| name | autoresearch |
| description | Autonomous agent-driven optimization loop inspired by Karpathy's autoresearch. Sets up and runs an iterative hill-climbing harness where subagents modify an artifact, evaluate against a single scalar metric, and keep improvements. Use this skill whenever the user wants to "optimize something iteratively", "run an autoresearch loop", "hill-climb on performance", "auto-optimize", "iterate and improve automatically", "run experiments autonomously", "autonomous optimization", or mentions "autoresearch" in any context. Also triggers when the user describes a workflow like "try variations and measure which is best", "keep tweaking until it's faster", "optimize this config", "find the best prompt", "tune hyperparameters", "benchmark variations", or any scenario where they want an agent to autonomously explore a search space against a measurable objective. Works with any domain — code performance, prompt engineering, config tuning, SQL optimization, CSS optimization, model training, build flags, or anything with a measurable outcome.
|
autoresearch
An autonomous optimization loop where subagents iteratively modify an artifact,
evaluate it against a single scalar metric, and keep improvements. Inspired by
Karpathy's autoresearch — generalized
beyond ML training to any domain with a measurable objective.

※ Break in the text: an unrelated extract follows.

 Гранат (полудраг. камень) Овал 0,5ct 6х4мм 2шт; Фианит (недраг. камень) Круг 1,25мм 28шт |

The pattern in four invariants
| Component | What it is | Why it matters |
|---|
| Editable artifact | The file(s) the agent modifies each iteration | Bounds the search space |
| Evaluation oracle | A command that produces a single number on stdout | Unambiguous better/worse signal |
| Metric direction | minimize or maximize | Tells the agent which way is "better" |
| Program document | Human-written intent, constraints, and boundaries | Steers the search without micromanaging |
The loop is simple: hypothesize → edit → evaluate → keep or revert → repeat.
Phase 1: Setup interview
Before scaffolding anything, understand the use case. Gather these answers from the
user — extract what you can from conversation context and ask for the rest:
-
What are you optimizing? Identify the artifact file(s). Examples:
- A Python script's runtime performance
- A prompt template's accuracy on a test set
- An nginx config's throughput
- A SQL query's execution time
- A CSS file's Lighthouse score
-
How do we measure success? Identify or help create the evaluation command.
It must:
- Be runnable as a single shell command
- Print exactly one number to stdout (the metric)

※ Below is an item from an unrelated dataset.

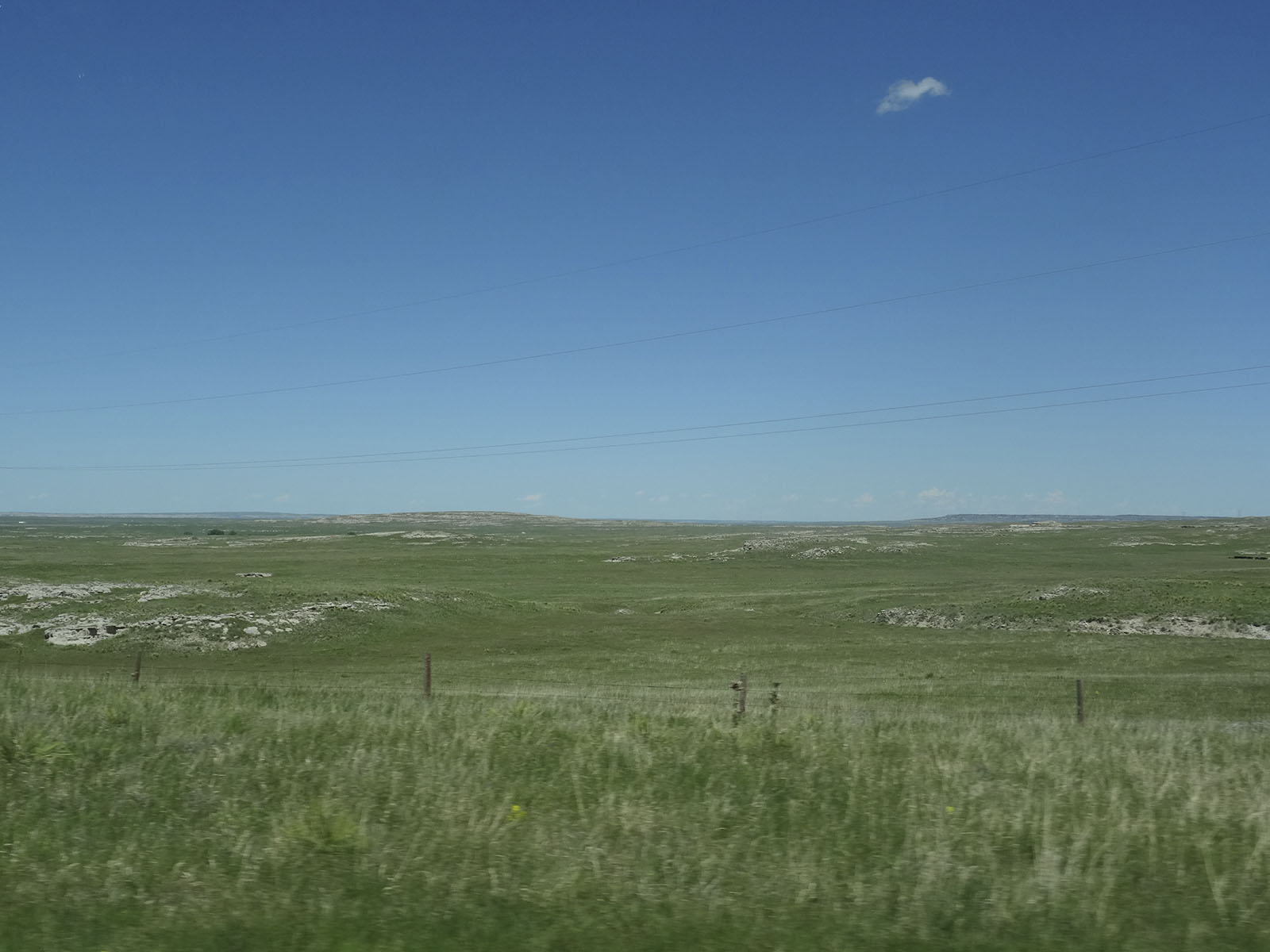 Stellt euch eine absolut gerade Straße vor, die bis zum Horizont auch nichts anderes tut, als weiter geradeaus zu laufen. Und ist man dann am Horizont angekommen, geht es wieder bis zum Horizont….. richtig: geradeaus. Schaut ihr nach links, seht ihr bis zum Horizont Grasland – schaut ihr nach rechts, seht ihr praktisch genau das gleiche, nennen wir es hier aber der Abwechslung halber mal „Prärie“. Es gibt also in einem Umkreis von etwa 100km nichts als Gras, das von EINER Straße durchzogen wird. Ab und zu sieht man mal einen Briefkasten am Straßenrand und eine von diesem Briefkasten wegführenden Weg. Das vermutlich dazugehörige Farmhaus liegt aber meist so weit von der Straße entfernt, dass man es nicht sehen kann.

- Exit 0 on success, non-zero on failure
- Complete in a bounded time (ideally under 5 minutes)
-
Which direction is better? minimize (latency, error rate, file size) or
maximize (throughput, accuracy, score).
-
What's off limits? Constraints the agent must respect. Examples:
- "Don't change the public API"
- "Keep Python 3.10 compatibility"
- "Don't add dependencies"
- "Output format must stay the same"
-
How many iterations? Default: 20. The user can set a limit or say "run until
I stop you."
-
Evaluation budget per iteration? If the evaluation command has a natural time
bound (like training for N minutes), note it. Otherwise the evaluation command's
own runtime is the budget.
If the user provides a use case description up front (e.g., "optimize my sorting
algorithm for speed"), extract as much as possible and confirm the gaps.

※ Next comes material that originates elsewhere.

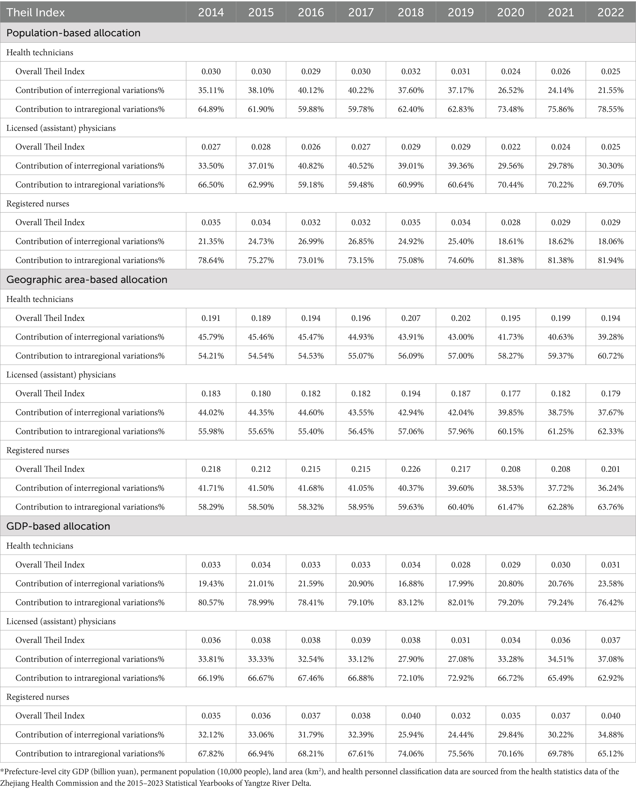 Meanwhile, geographic inequity has been found in previous studies to remain an unavoidable problem in the allocation of health human resources (24). This problem exists not only in China but also in other developing countries. For example, in India (25) and Mexico (26), inequality also exists in the geographical distribution of health workers. The World Health Organization’s report also notes that the healthcare industry is facing severe human resource challenges due to the impact of the COVID-19 pandemic. According to a 2023 report, at least 55 countries/regions are currently experiencing severe shortages of healthcare personnel. This issue is particularly severe in Africa, where 37 countries are struggling to address this shortage, which threatens their ability to achieve universal health coverage by 2030 (27, 28). This article comprehensively assesses the equity of health human resource allocation in the Yangtze River Delta region from different perspectives by integrating three methods to provide data support and theoretical basis for optimizing health resource allocation. Research findings indicate that when categorised by geographical region, the Gini coefficient and Theil index results for healthcare human resource allocation exceed those derived from population and GDP-based divisions. Moreover, intra-regional variation proves predominant, a conclusion robustly supported by substantial statistical evidence. Additionally, this result is consistent with the research findings of Ma (29), Shao (27), and Zhou (30). This provides greater confirmation of the effectiveness of the current distribution policy, which is primarily based on demographic factors, in achieving fundamental fairness. However, it also highlights that relying alone on population indicators may prove insufficient to overcome inequalities stemming from geographical and economic factors.

Phase 2: Scaffold the harness
Create a .autoresearch/ directory in the project root with these files:
.autoresearch/config.json
{
"artifact_paths": ["path/to/file.py"],
"eval_command": "python evaluate.py",
"metric_name": "execution_time_ms",
"metric_direction": "minimize",
"max_iterations": 20,
"branch_prefix": "autoresearch",
"created_at": "2026-03-15T10:00:00Z"
}
.autoresearch/program.md
Write this collaboratively with the user. It should contain:
# Research Program: [Title]
## Objective
[One sentence: what we're optimizing and why]
## Artifact
[Path to the file(s) being modified, and a brief description of what they contain]
## Evaluation
[The eval command and what the metric means]
## Constraints
[What the agent must NOT change or break]
## Strategy hints
[Optional: suggested directions to explore, known dead ends, domain knowledge]
The program.md is the most important file — it's the agent's "research brief." Help
the user write one that's specific enough to be useful but open enough to allow
creative exploration. Explain why constraints exist so the agent can reason about
edge cases.
.autoresearch/results.tsv
Initialize with the header row:
iteration timestamp commit metric_value hypothesis changes_summary kept
Evaluation script
If the user doesn't already have an evaluation command, help create one. Save it as
evaluate.py (or evaluate.sh) in the project root. The script must:
- Print exactly one number to stdout
- Send all diagnostics to stderr
- Exit 0 on success
- Exit non-zero if the artifact is broken (syntax error, crash, etc.)
Example patterns:
Performance benchmark:
import subprocess, time, statistics, sys
times = []
for _ in range(5):
start = time.perf_counter()
result = subprocess.run(["python", "solution.py"], capture_output=True)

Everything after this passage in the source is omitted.